A experiência social de exercer um papel singular perpassa, portanto, pela articulação dos três eixos: saber-veridição, poder-governo e si-subjetividades (FOUCAULT, 2011). Deleuze (2005, p.109) lembra: é a relação de si que tem a capacidade de vergar a força, embora essa “só se estabelece se efetuando”. A partir dessa construção, podemos deduzir que, do mesmo modo que no nível do saber o enunciável se sobrepõe ao visível, e no nível do poder esse se sobrepõe ao saber, na última instância é o pensamento que se sobrepõe ao poder. O pensamento é a possibilidade de vergar a força sobre si mesma. Isso porque, diante da complexidade dos processos de subjetivação “[...] um si-mesmo é posto a decidir-se num problemático campo de diferenciações complexas que o invadem”; ver e falar são exterioridades, mas pensar se conduz para um fora desprovido de forma. Nessa condição, as linhas de resistência se acoplam à vida como singularidades (Deleuze) e são capazes de suscitar acontecimentos (Foucault) (ORLANDI, 2004, p.9).

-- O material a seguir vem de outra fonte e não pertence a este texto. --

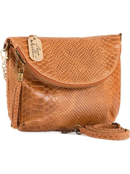 – materiał: skóra- powierzchnia: o fakturze krokodylej skóry- długi pasek przez ramię: regulowany, odpinany- zapięcie: suwak- kieszenie zewnętrzne: tak, na zamek- detale: zawieszka- tekstylna podszewka: tak- wyprodukowano we Włoszech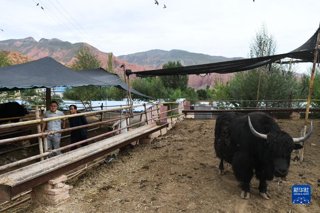孙海云(右)向青海联通技术人员介绍牛圈情况(2021年7月15日摄)。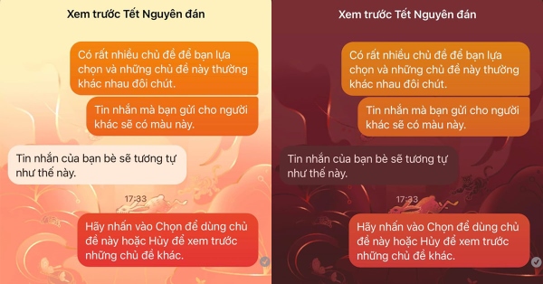 Trên điện thoại thông minh, người dùng có thể dễ dàng thay đổi theme tết Messenger với những chủ đề mới được cập nhật trong thời gian gần đây. Chủ đề Tết Xuân giúp bạn và bạn bè, người thân của mình trong các cuộc trò chuyện để có thể đón Tết vui vẻ, an lành và có nhiều niềm vui.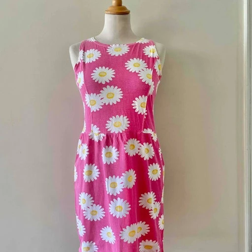 Robe t-shirt à fleurs, en jersey de coton élasthanne rose fuschia imprimée marguerites blanches et jaunes, emmanchures américaines, alain manoukian, Années 90’s, fabriquée en France, taille 36 portée ici sur un mannequin T36, aisselles 44cm.

Assim, os choques de intensidades que frequentemente ocorrem entre a vida e o poder, devem-se ao envolvimento de uma luta ética, que tende sempre a ser dinamizada, pois, na medida em que se interroga as condições de existência do poder, ela surge constituindo a resistência, como sua força interna. Deleuze (2005, p.101) lembra que a maior intensidade da existência está, exatamente, em seus choques com o poder, quando a vida resiste a ele e é obrigada a escapar, a criar rotas de fuga, a reinventar-se. Desse modo, a resistência foucaultiana equivale às rotas de fuga, na desterritorização deleuziana (DELEUZE, 1976; DELEUZE;GUATTARI, 1997).

A força é operada no social por subjetividades (FOUCAULT, 2003). Se a força encontra-se fora do indivíduo e a subjetividade é uma dobra da força, não seria essa “o dentro do fora” deleuziano? ou seja, um lado de dentro que prescinde do pensamento mas localiza-se externo ao “sujeito autônomo”? Se assim for, podemos dizer que a dobra de forças depende da instância pensamento, mas esse pensamento é uma construção da força de subjetividade cuja intensidade promove o dinamismo social, pois, se essas são linhas de fuga, elas são sempre traçadas na imanência de um desejo coletivo (DELEUZE, 1976).

Diante do exposto, podemos deduzir que saberes e poderes antecedem os papéis de sujeitos particulares, pois são esses, exatamente, que lhes permitem a existência. A prática desses sujeitos nesse meio é, assim, considerada em sua materialidade tendo a verdade por princípio e modelagem, e um cuidado de si como exercício ético de liberdade.

Considerando as questões aqui tratadas, podemos entender que, enquanto Foucault avançou no enunciável e nos forneceu até aqui um poderoso instrumental para explorar a complexa relação saber-poder e poder-resistência que atravessa a construção de um espaço social, Deleuze avançou na exploração do visível ao concebê-lo como um processo maquínico. O autor indica que uma relação possível entre os processos de resistência foucaultianos e as agências do desejo. A possibilidade nos aproxima da prática constitutiva da condição dos potterheads e trata da dinamicidade desse espaço.

Por fim, precisamos ainda ponderar que nossa análise não pode abdicar em considerar os modos severos de controle e vigilância com que se dá o biopoder em nossas sociedades. Por meio da construção do conceito de governamentalidade, Foucault nos forneceu o diagnóstico da passagem da sociedade disciplinar para de controle e um ferramental para investigação, mas Deleuze (2008b) o atualizou, ao desenvolver o estudo como uma mutação do capitalismo, agora não mais dirigido à produção, mas ao serviço, voltado para o produto, para a venda ou mercado, uma forma social de controle contínuo e comunicação instantânea; ele indicou as máquinas cibernéticas como parte de agenciamentos coletivos e denunciou a comunicação penetrada pelo capital como uma condição de natureza e não do acaso.